Um eine neue, positiv belegte Identität zu schaffen soll eine Großform entstehen, die alle erforderlichen Funktionen des Lebens, Arbeitens und Forschens in sich vereint.

Wir möchten Ihnen heute unsere Vision eines zukunftsfähigen Campus für diesen Forschungsstandort präsentieren.
Es ging uns darum, eine klar ablesbare Struktur zu schaffen und ein urbaneres Umfeld für die Forschung zu bekommen.
Unter einer  Denkwerkstatt  stellen wir uns einen in sich und auf sich konzentrierten Bereich vor, der einen fruchtbaren Boden für die Forschung bietet.

Wir sehen die größte Stärke des Bestandes in dem Grünraum, in dem er liegt.
Der Campus hat als gewachsener Organismus aber eigentlich nur durch den Zaun, der ihn umgibt, die Möglichkeit eine mehr oder weniger klare Grenze zu bilden oder eine Adresse zu schaffen.
Momentan wirkt der Campus selbst im Bezug auf die umgebende Landschaft wie ein Feld bei dem man vergessen hat, es zu gießen.

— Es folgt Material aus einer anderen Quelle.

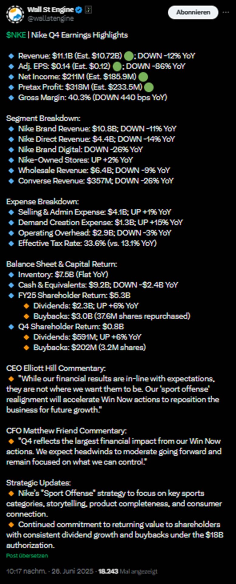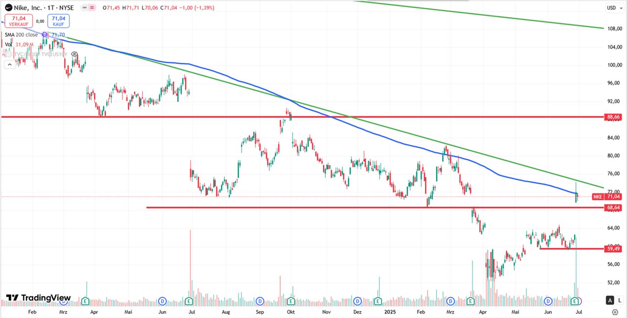 Die Zahlen waren zwar rückläufig, sowohl beim Umsatz als auch beim Gewinn, aber eben besser als vom Markt erwartet. Nach längerer Durststrecke reicht das oft schon für einen positiven Impuls. Entscheidend wird nun, ob Nike mit neuen Produkten nachlegen kann, wie etwa mit dem neuen Sneaker „Air Max Phenomena“.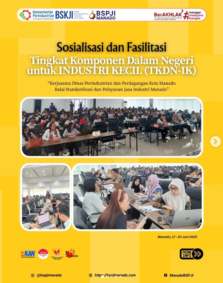 BSPJI Manado bersama Dinas Perindustrian dan Perdagangan Kota Manado telah sukses menyelenggarakan Sosialisasi dan Fasilitasi Tingkat Komponen Dalam Negeri untuk Industri Kecil (TKDN-IK) pada 17–20 Juni…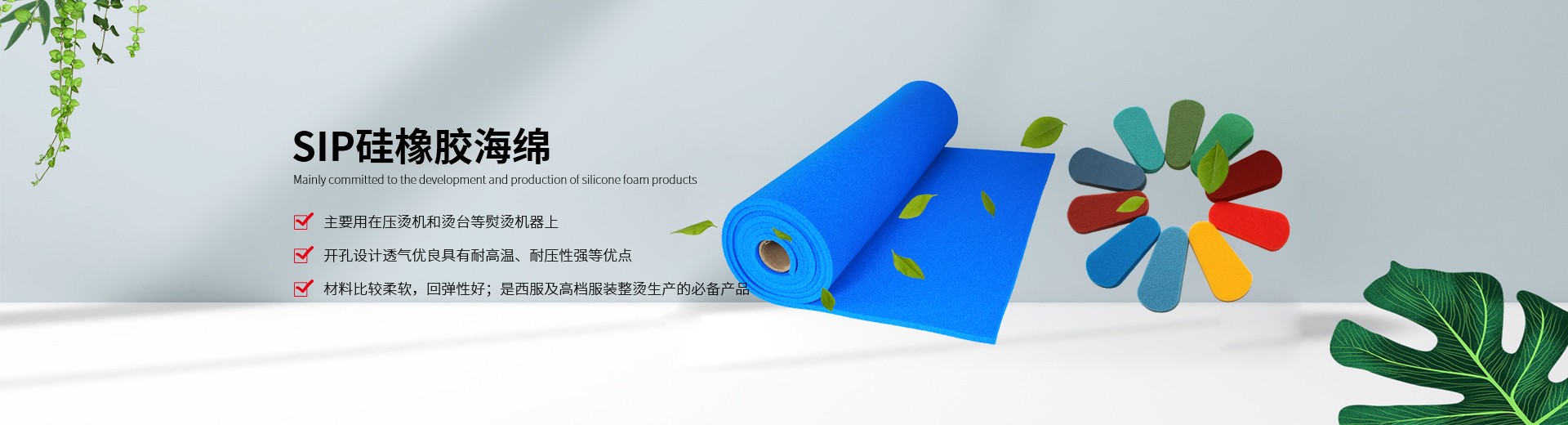 ????我公司生產(chǎn)的硅膠海綿具有耐高溫、耐壓、透氣性能好、抗撕拉、使用壽命長、環(huán)保等特點(diǎn),主要適用于服裝干洗、水洗熨燙設(shè)備,如壓燙機(jī)和燙臺(tái)等。另外我們也提供各種燙氈、罩布等整燙專用墊料,客戶可根據(jù)不同熨燙工藝選擇不同的搭配組合,滿足高品質(zhì)的熨燙要求。

Um die eben angesprochenen Schwächen in den Griff zu kriegen muss der Campus mehr Abstand zum Dorf gewinnen und darf nicht mehr undefiniert in die Landschaft ausfransen.
Der Abstand zur östlich gelegenen Straße erschien uns als richtig und auch die zum Dorf hin abgrenzenden Felder hielten wir für erhaltenswert.
Um der geforderten Vergrößerung des Raumprogramms gerecht zu werden, konnten wir nicht nur Fläche befreien, sondern mussten auch neue Flächen erschließen.
Hier bot es sich an, den Wald als stärkendes Rückgrat in den Entwurf zu integrieren.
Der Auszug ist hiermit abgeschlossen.